News

March 12, 2014

By Nuritas

Predicting the important enzyme players in human breast milk digestion

Human milk is known to contain several proteases, but little is known about whether these enzymes are active, which proteins they cleave and their relative contribution to milk protein digestion in vivo. In this publication founder Nora Khaldi and co-authors show that several enzymes are actively taking part in the digestion of human milk proteins within the mammary gland, including plasmin and/or trypsin, elastase, cathepsin D, pepsin, chymotrypsin, a glutamyl endopeptidase-like enzyme and proline endopeptidase.
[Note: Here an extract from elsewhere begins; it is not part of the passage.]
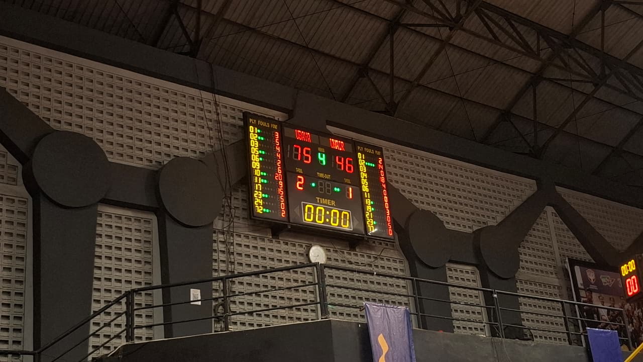 Hasil skor akhir pertandingan derbi tim putra UNAIR vs UBAYA dalam gelaran Liga Mahasiswa Basketball 2025 Surabaya, di Gor CLS Kertajaya, Sabtu (1/11/2025). Foto: Akira suarasurabaya.net

Two proteins were most affected by enzyme hydrolysis: β-casein and polymeric immunoglobulin receptor. In contrast, other highly abundant milk proteins such as α-lactalbumin and lactoferrin appear to have undergone no proteolytic cleavage.

You can obtain the paper at the Journal of Dairy Science following link http://pubs.acs.org/doi/abs/10.1021/jf405601e

Khaldi, N.; Vijayakumar, V.; Dallas, D. C.; Guerrero, A.; Wickramasinghe, S.; Smilowitz, J. T.; Medrano, J. F.; Lebrilla, C. B.; Shields, D. C.; German, J. B., Predicting the important enzyme players in human breast milk digestion. J Agric Food Chem 2014.